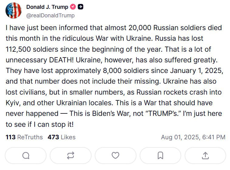 "С начала года Россия потеряла 112 500 военнослужащих. Это слишком много ненужных смертей! Однако Украина также понесла серьёзные потери. С 1 января 2025 года она потеряла примерно 8 000 солдат, и это число не включает пропавших без вести. Украина также потеряла и гражданских, но в меньшем количестве – когда российские ракеты падают на Киев и другие украинские города. Это война, которой никогда не должно было быть – это война Байдена, а не Трампа. Я здесь только для того, чтобы попытаться её остановить", – написал глава Белого дома.
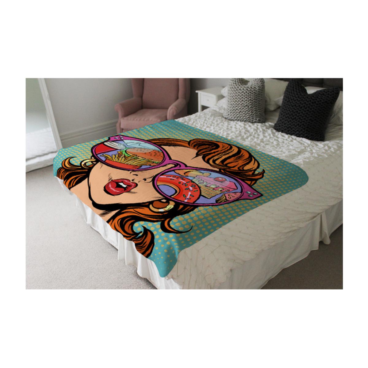 Woman with Sunglasses Fast Food and Sweets Reflection Designer Blanket - Green
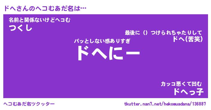 | ポケモン風あだ名 | 『ドヘチュウ』『ドヘダネ』『ヒドヘ』 |
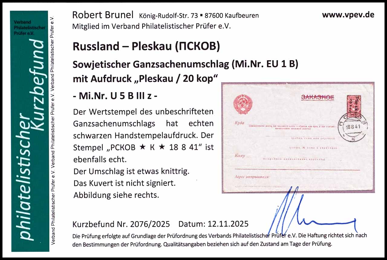 60 Kopeken Ganzsachenumschlag mit schwarzem Aufdruck " Pleskau 20 kop", entwertet mit Stempel "PCKOB * K * 18 8 41", Umschlag etwas knittrig, Fotobefund Robert Brunel VP (2025)
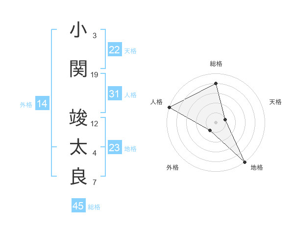 小関 竣太良さんを姓名の画数から五運を鑑定
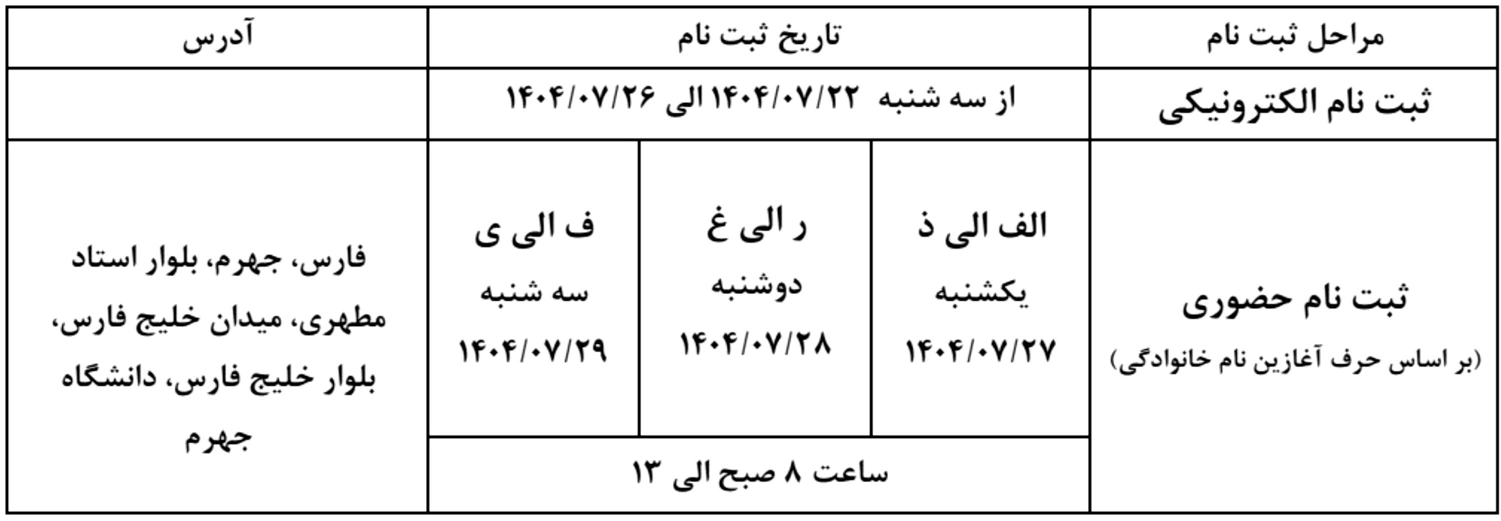 ضمن تبریک جهت پذیرش شما در دانشگاه جهرم، به استحضار می رساند ثبت نام از پذیرفته شدگان صرفاً طبق جدول زمان بندی ذیل و به دو صورت الکترونیکی و حضوری انجام خواهد شد (ثبت نام به هر دو شکل الزامی است). خواهشمند است از مراجعه در روزهایی غیر از تاریخ مشخص شده جهت ثبت نام حضوری، به مدیریت آموزشی دانشگاه خودداری نمایید.
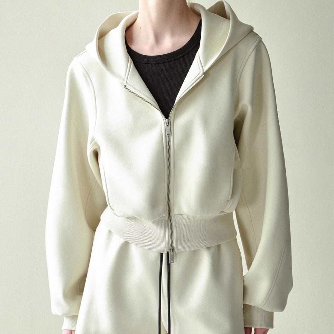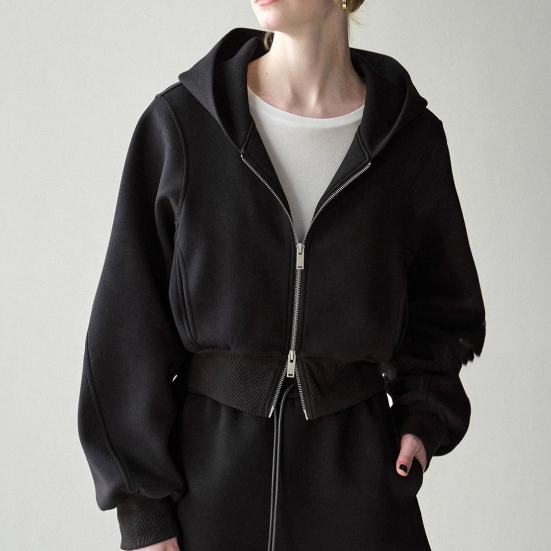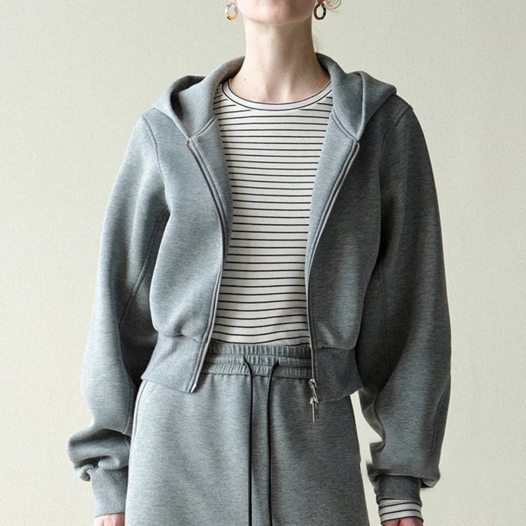 コンパクトなクロップド丈で脚長効果を狙えるスウェットパーカー。
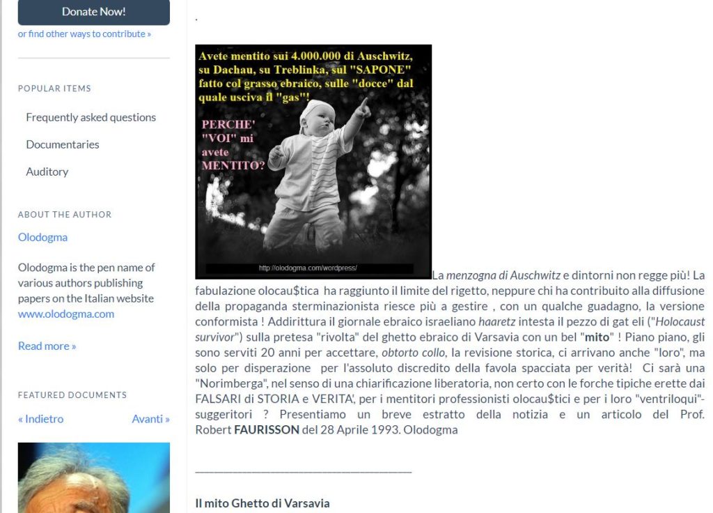 L’insegnante Mariateresa R. mentre sa effettuando delle ricerche online per un progetto di didattica della Shoah, si imbatte in una serie di siti web negazionisti ed antisemiti come Olodogma e CODOH .
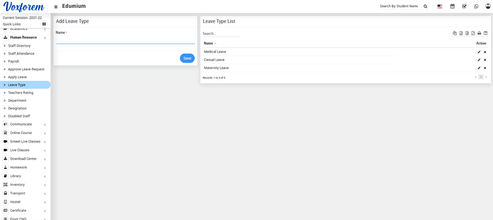 To add leave type, go to Human Resource > Leave Type then enter Name and then click on the Save button. You can view this added record in the Leave Type List on the right side of the page.
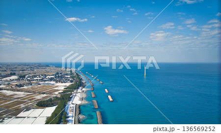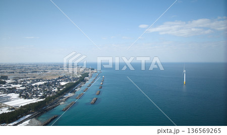 8月の終わり富山県下新川海岸の洋上風力発電風車や黒部川扇状地の様子
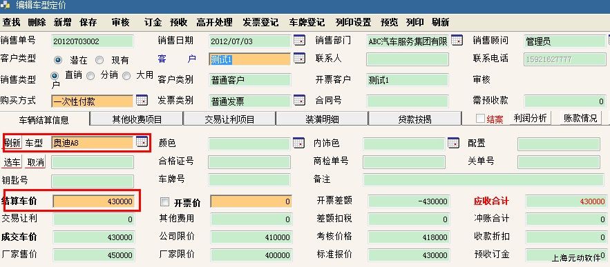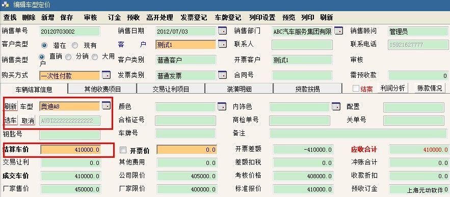 这样,促销的超期库龄的车价格就体现在整车销售订单中了。
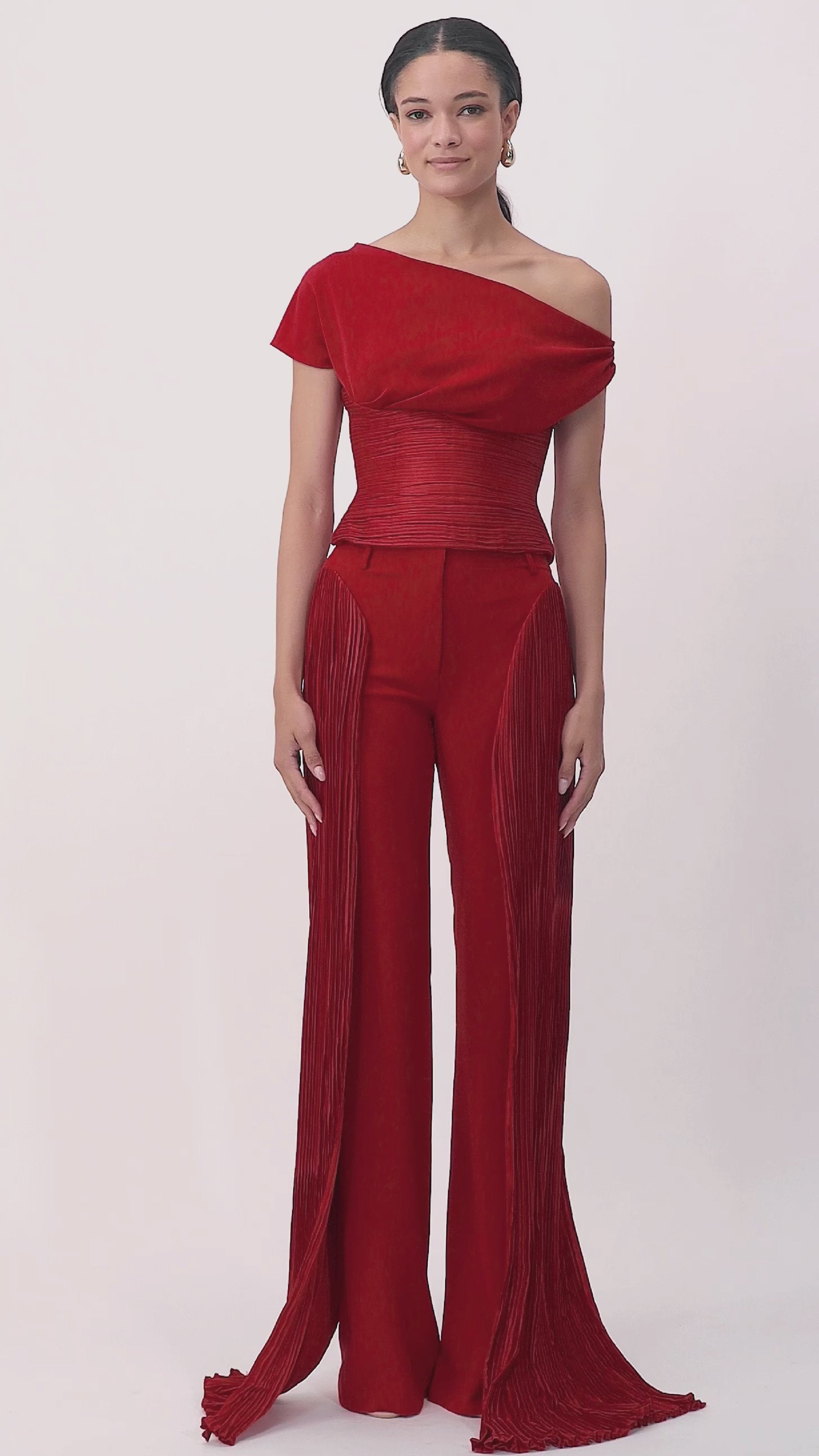 The 'RUBY' top is a perfect addition to your wardrobe. this fitted top is sleek and exquisite with couture-level tailoring . Style yours with the Ruby pants for a that special occasion .
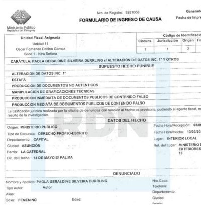 Investigación exclusiva de RDN descubrió que la consejera de la Embajada del Paraguay ante el Reino Unido de Gran Bretaña e Irlanda del Norte, Paola Geraldine Silveira Dürrling, fue denunciada ante el Ministerio Público por estafa y presunta falsificación de documentos académicos y otros hechos punibles. La presentación se realizó el 2 de junio de 2025 ante la Unidad Fiscal N.º 11, en Asunción, a cargo del fiscal Óscar Delfino.
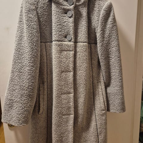 Jacqueline de Yong ullkåpe for dame i størrelse M. Lang grå kåpe i ullmateriale med klassisk krage og knappelukking i front. Kåpen har lange ermer og stikklommer i sidene. Egnet som yttertøy i kjøligere vær. Str 40, en liten innsving i livet.

————————

*What you have to do*. Every line from the one holding "Investigación exclusiva de" to the last line of the listing above, inclusive, must appear exactly as written, and no picture may appear.

*Response to this task*.
 Investigación exclusiva de RDN descubrió que la consejera de la Embajada del Paraguay ante el Reino Unido de Gran Bretaña e Irlanda del Norte, Paola Geraldine Silveira Dürrling, fue denunciada ante el Ministerio Público por estafa y presunta falsificación de documentos académicos y otros hechos punibles. La presentación se realizó el 2 de junio de 2025 ante la Unidad Fiscal N.º 11, en Asunción, a cargo del fiscal Óscar Delfino.
 Jacqueline de Yong ullkåpe for dame i størrelse M. Lang grå kåpe i ullmateriale med klassisk krage og knappelukking i front. Kåpen har lange ermer og stikklommer i sidene. Egnet som yttertøy i kjøligere vær. Str 40, en liten innsving i livet.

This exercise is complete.